:: Exercise aim ::
Each line of the data should be transcribed exactly as given.

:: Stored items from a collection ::
—————

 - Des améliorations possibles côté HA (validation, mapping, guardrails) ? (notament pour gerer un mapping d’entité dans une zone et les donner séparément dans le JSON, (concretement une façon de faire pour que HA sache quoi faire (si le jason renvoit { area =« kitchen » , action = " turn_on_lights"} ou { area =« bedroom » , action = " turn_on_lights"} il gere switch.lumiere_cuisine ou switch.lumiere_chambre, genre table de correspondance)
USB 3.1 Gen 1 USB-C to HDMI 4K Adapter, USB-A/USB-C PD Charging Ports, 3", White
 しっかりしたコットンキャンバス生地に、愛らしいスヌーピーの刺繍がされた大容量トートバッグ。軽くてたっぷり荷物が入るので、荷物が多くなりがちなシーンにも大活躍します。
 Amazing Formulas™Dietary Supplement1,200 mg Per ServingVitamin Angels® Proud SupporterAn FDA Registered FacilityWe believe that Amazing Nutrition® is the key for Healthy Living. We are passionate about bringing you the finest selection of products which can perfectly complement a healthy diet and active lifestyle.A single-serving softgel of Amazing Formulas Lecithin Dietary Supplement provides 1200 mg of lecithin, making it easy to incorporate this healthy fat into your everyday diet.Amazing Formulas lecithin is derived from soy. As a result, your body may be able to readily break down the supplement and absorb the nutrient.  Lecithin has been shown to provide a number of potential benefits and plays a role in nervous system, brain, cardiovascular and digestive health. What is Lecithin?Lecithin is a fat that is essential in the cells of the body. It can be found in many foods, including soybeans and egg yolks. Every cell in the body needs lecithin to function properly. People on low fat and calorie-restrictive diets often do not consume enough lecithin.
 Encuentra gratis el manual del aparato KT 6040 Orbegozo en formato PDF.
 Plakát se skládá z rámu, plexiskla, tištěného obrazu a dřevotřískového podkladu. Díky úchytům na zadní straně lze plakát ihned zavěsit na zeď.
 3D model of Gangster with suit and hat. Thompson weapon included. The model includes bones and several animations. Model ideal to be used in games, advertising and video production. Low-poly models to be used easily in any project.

—————

:: Your solution ::
 - Des améliorations possibles côté HA (validation, mapping, guardrails) ? (notament pour gerer un mapping d’entité dans une zone et les donner séparément dans le JSON, (concretement une façon de faire pour que HA sache quoi faire (si le jason renvoit { area =« kitchen » , action = " turn_on_lights"} ou { area =« bedroom » , action = " turn_on_lights"} il gere switch.lumiere_cuisine ou switch.lumiere_chambre, genre table de correspondance)
USB 3.1 Gen 1 USB-C to HDMI 4K Adapter, USB-A/USB-C PD Charging Ports, 3", White
 しっかりしたコットンキャンバス生地に、愛らしいスヌーピーの刺繍がされた大容量トートバッグ。軽くてたっぷり荷物が入るので、荷物が多くなりがちなシーンにも大活躍します。
 Amazing Formulas™Dietary Supplement1,200 mg Per ServingVitamin Angels® Proud SupporterAn FDA Registered FacilityWe believe that Amazing Nutrition® is the key for Healthy Living. We are passionate about bringing you the finest selection of products which can perfectly complement a healthy diet and active lifestyle.A single-serving softgel of Amazing Formulas Lecithin Dietary Supplement provides 1200 mg of lecithin, making it easy to incorporate this healthy fat into your everyday diet.Amazing Formulas lecithin is derived from soy. As a result, your body may be able to readily break down the supplement and absorb the nutrient.  Lecithin has been shown to provide a number of potential benefits and plays a role in nervous system, brain, cardiovascular and digestive health. What is Lecithin?Lecithin is a fat that is essential in the cells of the body. It can be found in many foods, including soybeans and egg yolks. Every cell in the body needs lecithin to function properly. People on low fat and calorie-restrictive diets often do not consume enough lecithin.
 Encuentra gratis el manual del aparato KT 6040 Orbegozo en formato PDF.
 Plakát se skládá z rámu, plexiskla, tištěného obrazu a dřevotřískového podkladu. Díky úchytům na zadní straně lze plakát ihned zavěsit na zeď.
 3D model of Gangster with suit and hat. Thompson weapon included. The model includes bones and several animations. Model ideal to be used in games, advertising and video production. Low-poly models to be used easily in any project.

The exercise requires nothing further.